━━ Data records ━━

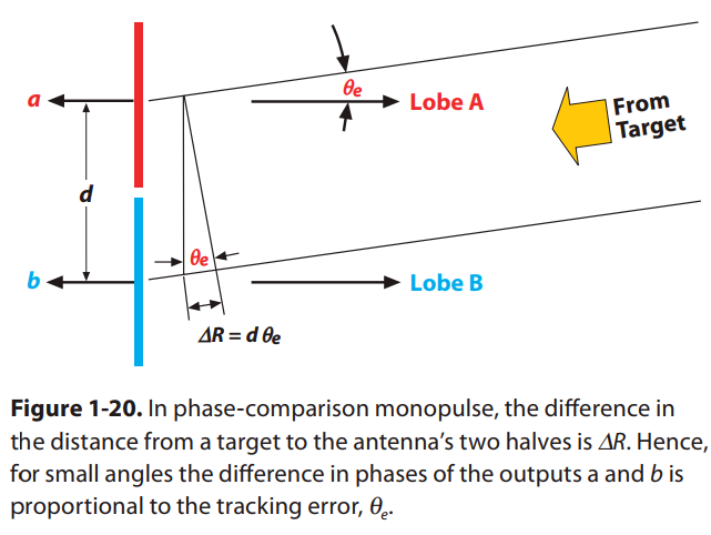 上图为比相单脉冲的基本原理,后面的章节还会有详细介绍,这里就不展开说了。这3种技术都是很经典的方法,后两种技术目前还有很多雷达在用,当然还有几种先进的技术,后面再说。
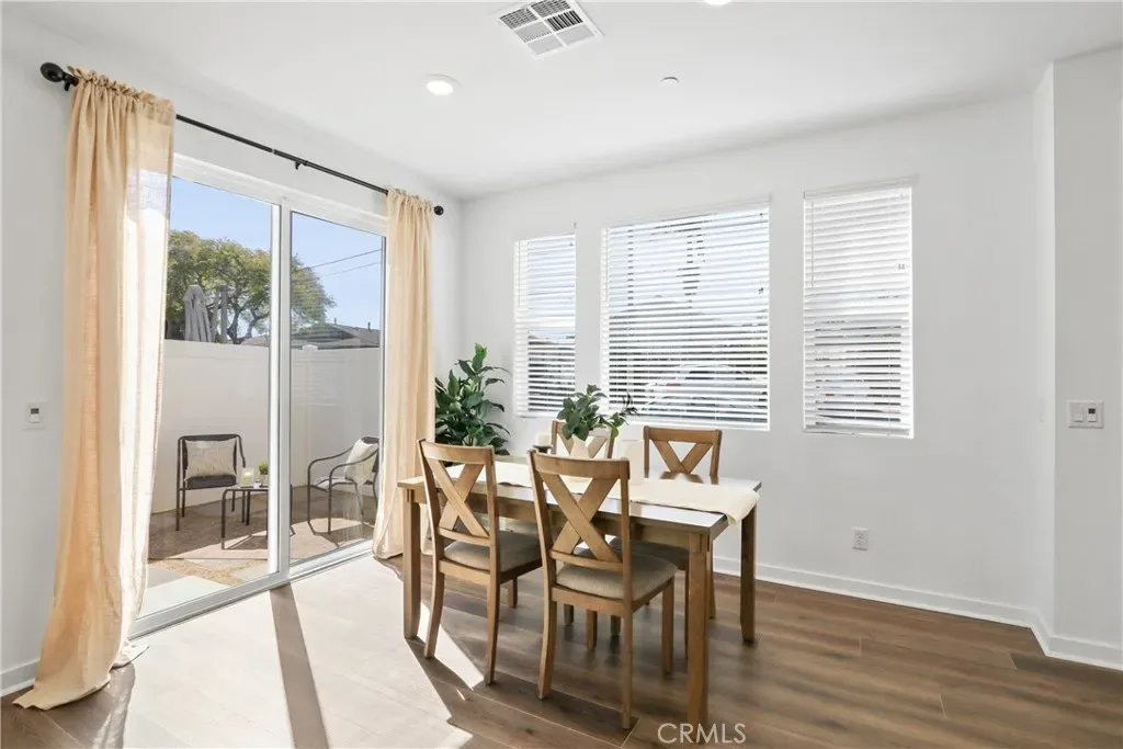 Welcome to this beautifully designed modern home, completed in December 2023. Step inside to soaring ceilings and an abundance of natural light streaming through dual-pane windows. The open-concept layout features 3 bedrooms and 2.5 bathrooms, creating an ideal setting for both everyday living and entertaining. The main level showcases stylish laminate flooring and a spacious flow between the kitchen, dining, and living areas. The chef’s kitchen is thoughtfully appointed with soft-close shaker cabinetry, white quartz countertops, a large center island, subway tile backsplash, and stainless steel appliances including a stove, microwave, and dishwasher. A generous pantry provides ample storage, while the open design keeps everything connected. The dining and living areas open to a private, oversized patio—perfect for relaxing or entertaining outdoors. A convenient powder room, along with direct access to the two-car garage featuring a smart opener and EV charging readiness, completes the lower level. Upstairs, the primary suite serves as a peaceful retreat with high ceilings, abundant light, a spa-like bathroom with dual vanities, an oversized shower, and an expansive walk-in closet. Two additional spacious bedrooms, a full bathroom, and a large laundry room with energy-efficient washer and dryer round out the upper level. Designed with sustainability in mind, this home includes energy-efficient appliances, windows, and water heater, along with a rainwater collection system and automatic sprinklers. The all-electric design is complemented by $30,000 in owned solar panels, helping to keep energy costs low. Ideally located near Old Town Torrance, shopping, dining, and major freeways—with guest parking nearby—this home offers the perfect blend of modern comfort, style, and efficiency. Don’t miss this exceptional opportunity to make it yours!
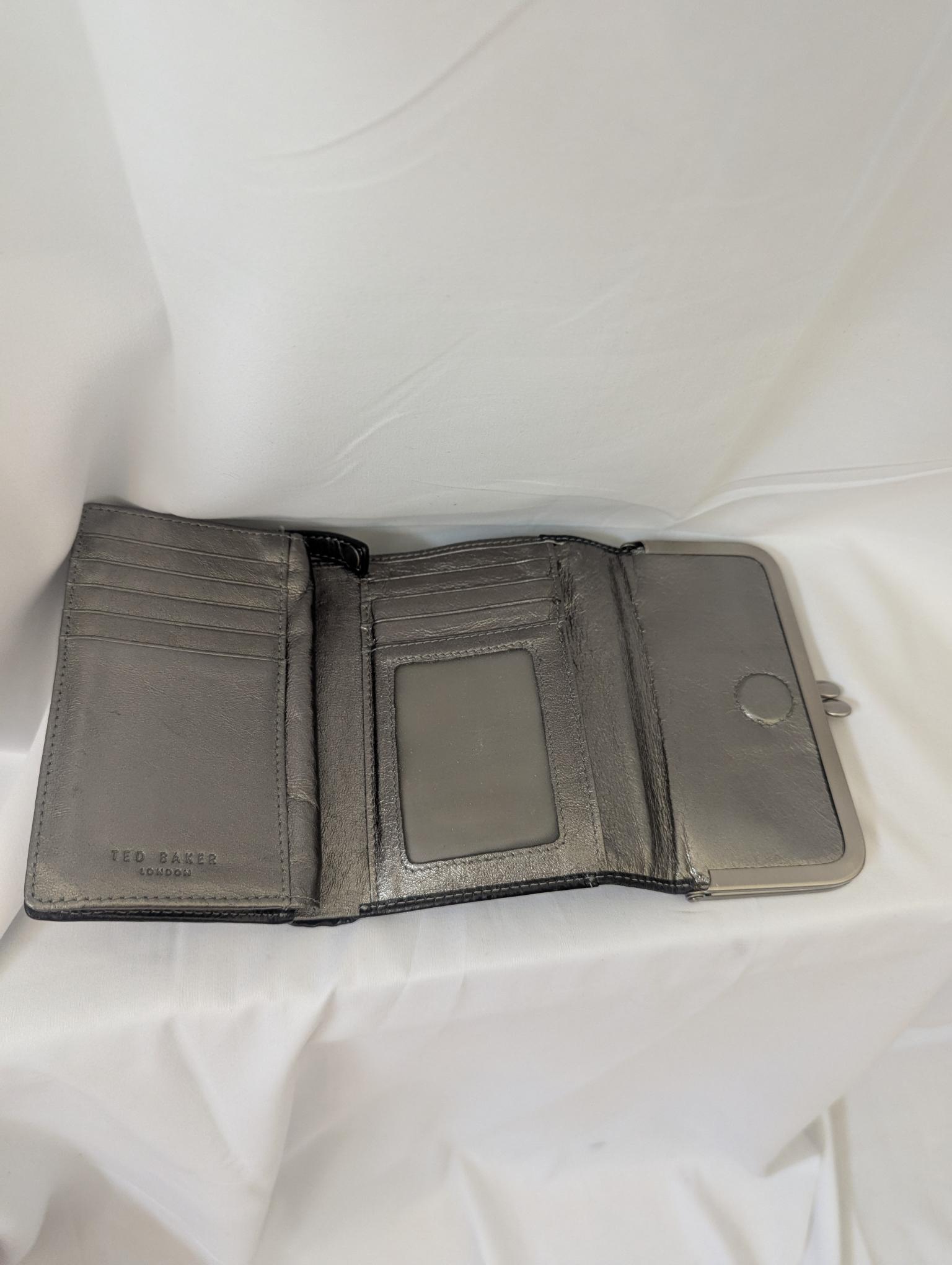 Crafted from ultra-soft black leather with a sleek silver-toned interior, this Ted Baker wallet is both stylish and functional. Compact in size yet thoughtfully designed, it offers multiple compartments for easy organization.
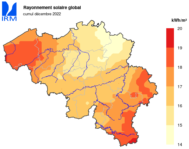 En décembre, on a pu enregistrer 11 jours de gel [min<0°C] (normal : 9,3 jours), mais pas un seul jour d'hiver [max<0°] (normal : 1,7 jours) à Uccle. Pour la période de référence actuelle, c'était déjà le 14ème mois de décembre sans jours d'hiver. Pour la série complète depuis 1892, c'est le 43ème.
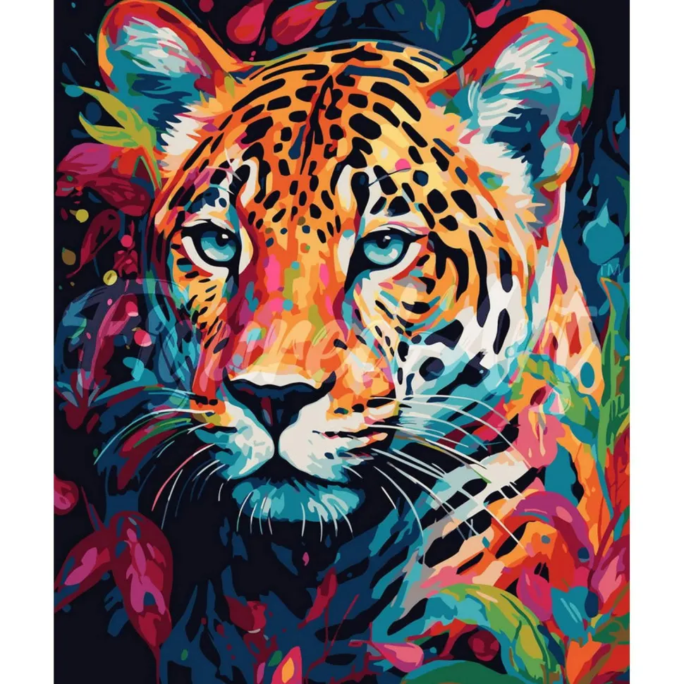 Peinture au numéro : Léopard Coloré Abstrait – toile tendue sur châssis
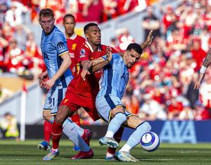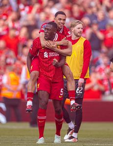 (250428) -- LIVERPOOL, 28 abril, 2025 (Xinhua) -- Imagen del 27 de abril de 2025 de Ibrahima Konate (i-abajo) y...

━━━

Requirement:
Restate exactly, please, only the lines between the start of the data and the line containing "Welcome to this", both ends included, skipping the pictures.

Task response:
 上图为比相单脉冲的基本原理,后面的章节还会有详细介绍,这里就不展开说了。这3种技术都是很经典的方法,后两种技术目前还有很多雷达在用,当然还有几种先进的技术,后面再说。
 Welcome to this beautifully designed modern home, completed in December 2023. Step inside to soaring ceilings and an abundance of natural light streaming through dual-pane windows. The open-concept layout features 3 bedrooms and 2.5 bathrooms, creating an ideal setting for both everyday living and entertaining. The main level showcases stylish laminate flooring and a spacious flow between the kitchen, dining, and living areas. The chef’s kitchen is thoughtfully appointed with soft-close shaker cabinetry, white quartz countertops, a large center island, subway tile backsplash, and stainless steel appliances including a stove, microwave, and dishwasher. A generous pantry provides ample storage, while the open design keeps everything connected. The dining and living areas open to a private, oversized patio—perfect for relaxing or entertaining outdoors. A convenient powder room, along with direct access to the two-car garage featuring a smart opener and EV charging readiness, completes the lower level. Upstairs, the primary suite serves as a peaceful retreat with high ceilings, abundant light, a spa-like bathroom with dual vanities, an oversized shower, and an expansive walk-in closet. Two additional spacious bedrooms, a full bathroom, and a large laundry room with energy-efficient washer and dryer round out the upper level. Designed with sustainability in mind, this home includes energy-efficient appliances, windows, and water heater, along with a rainwater collection system and automatic sprinklers. The all-electric design is complemented by $30,000 in owned solar panels, helping to keep energy costs low. Ideally located near Old Town Torrance, shopping, dining, and major freeways—with guest parking nearby—this home offers the perfect blend of modern comfort, style, and efficiency. Don’t miss this exceptional opportunity to make it yours!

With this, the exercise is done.